As a cloud architect, I recently had the opportunity to work on a project where I used Text Analytics in Microsoft Power BI. This Azure tutorial will discuss using Azure Text Analytics in Power BI with a realtime example.
Table of Contents
How To Use Text Analytics In Power BI
Here, we will have a Product and some Review Comments from different users, which include Key Phrases and the sentiment of the text (positive or negative). This is the report we have to generate, which will help the vendor understand the quality of the product from the user’s perspective so that the vendor can improve the product quality if needed.
So, if we start developing this requirement using custom code, achieving this functionality will be difficult. It will take a lot of time and resources. But we can quickly achieve this requirement using the Azure Text Analytics service with the help of Power BI. Before starting the development, we should know What Azure text analytics is and the Prerequisites needed to start the actual functionality.
Before starting the actual development, we should know the prerequisites.
Prerequisites
- You must have an Azure account or a valid Azure Subscription.
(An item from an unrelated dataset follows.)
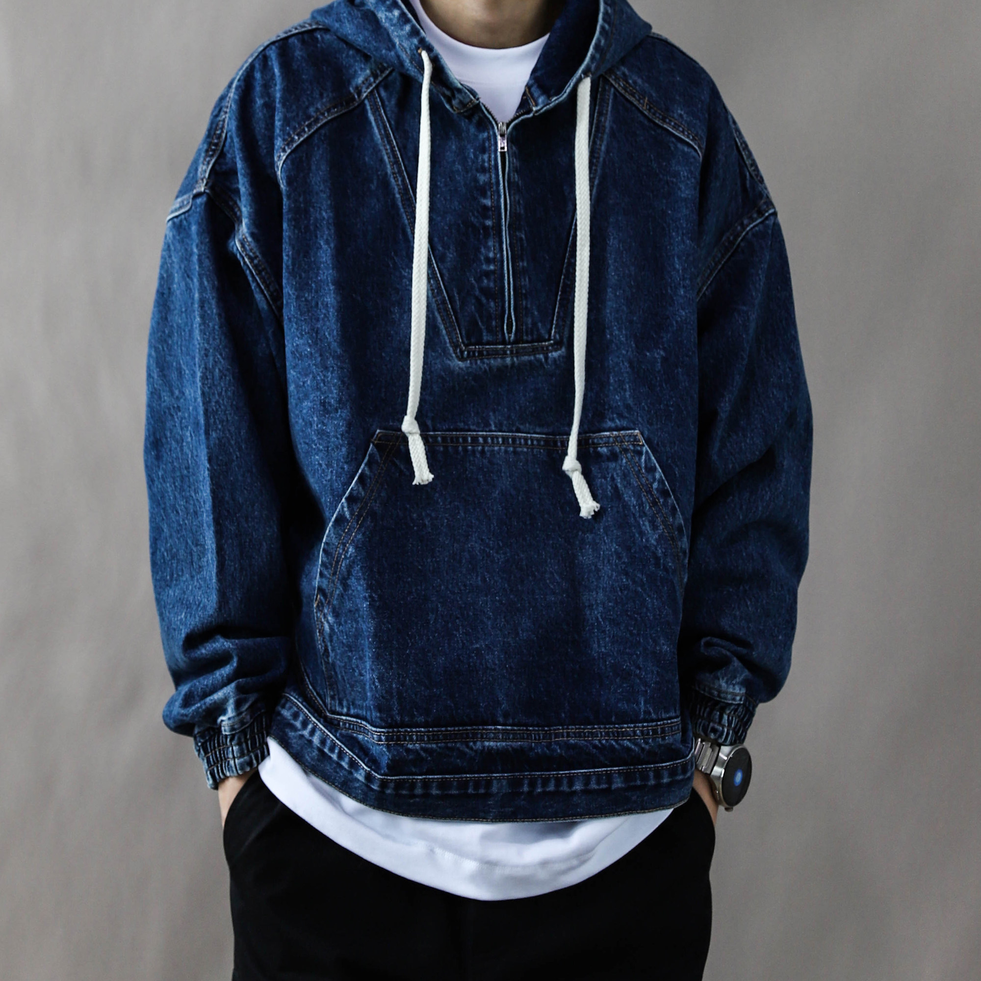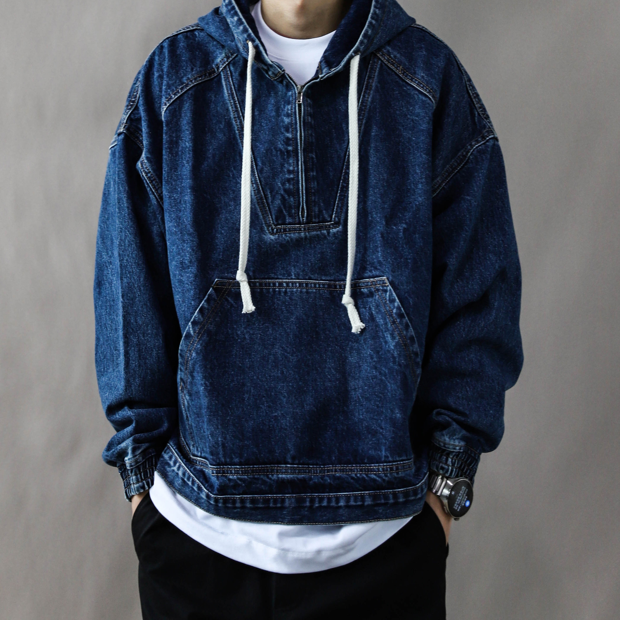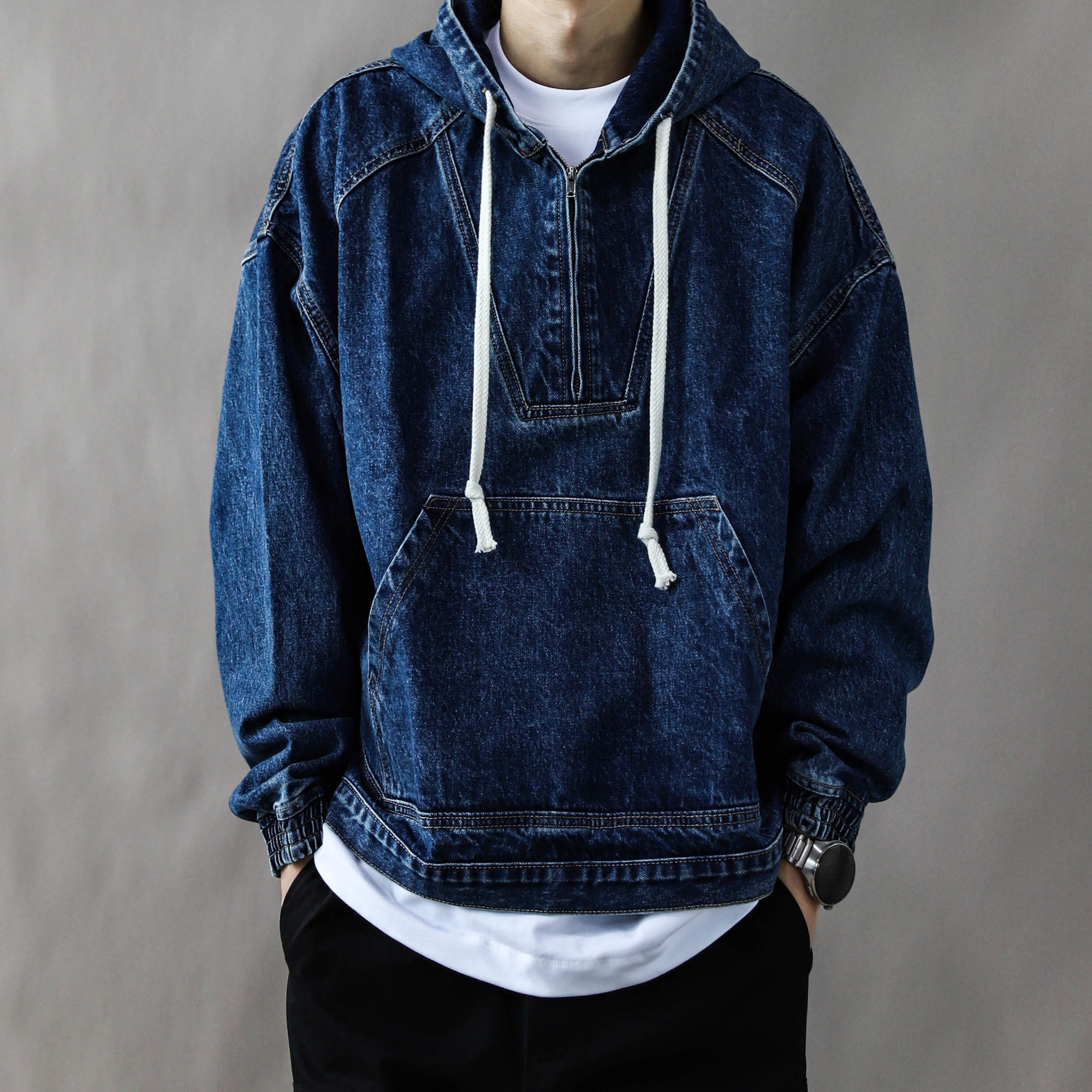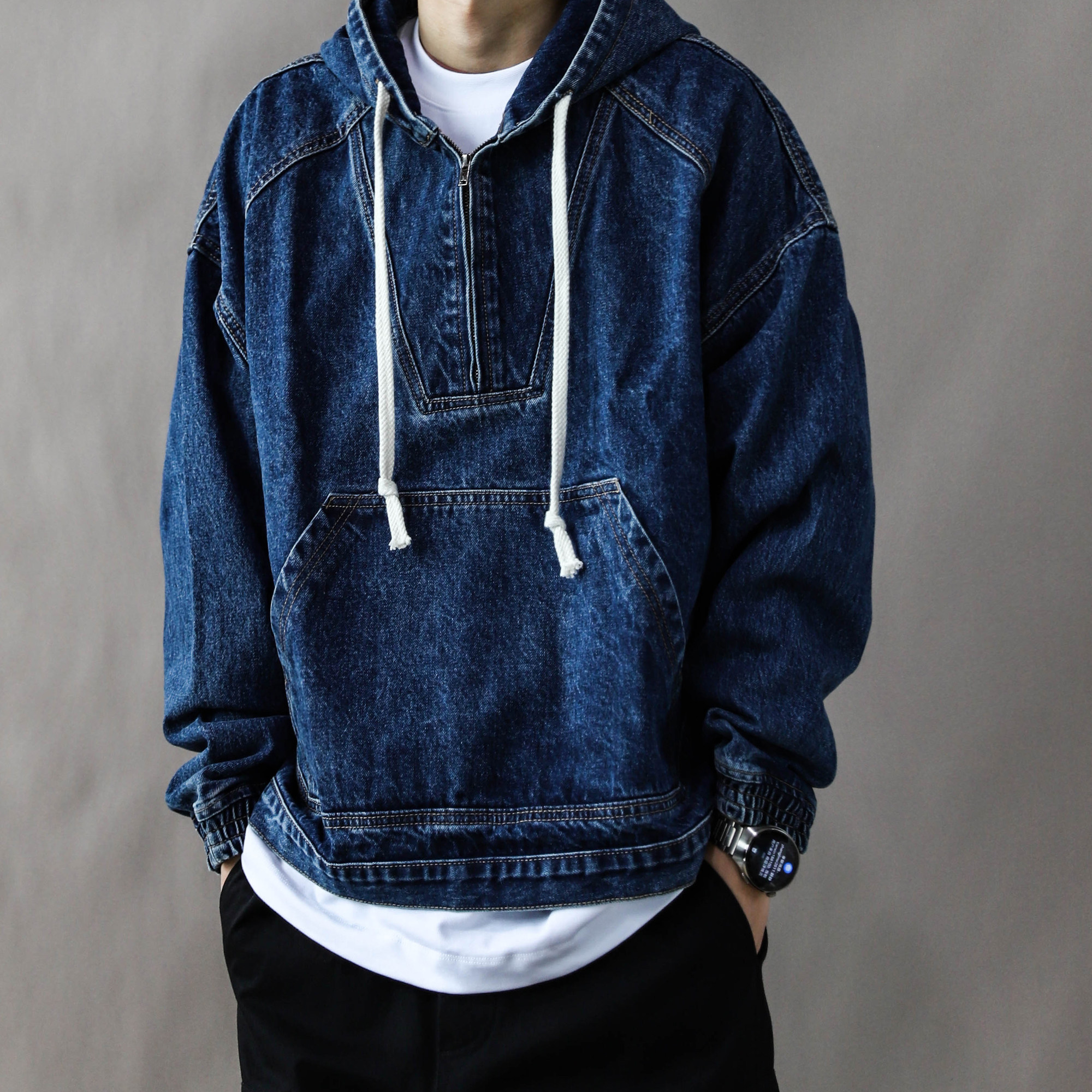 American Retro Heavy Denim Jacket for Men, Spring and Autumn, Loose Casual 2025 New Style, Hooded Top, Washed and Distressed Blue

If you haven’t had an Azure account yet, create a Free Azure Account now.
- Power BI Desktop.
Create and configure Azure Text Analytics
You need to follow the below steps to Create and configure Azure Text Analytics.
1. Log in to the Azure Portal (https://portal.azure.com/)
Once you log into the Azure Portal, click the + Create a Resource button from the left panel.

2. Search for the Text Analytics as shown below.

For the same option, once you log in to the Azure Portal, search for Text Analytics in the global search and click on the search result Text Analytics under the Marketplace.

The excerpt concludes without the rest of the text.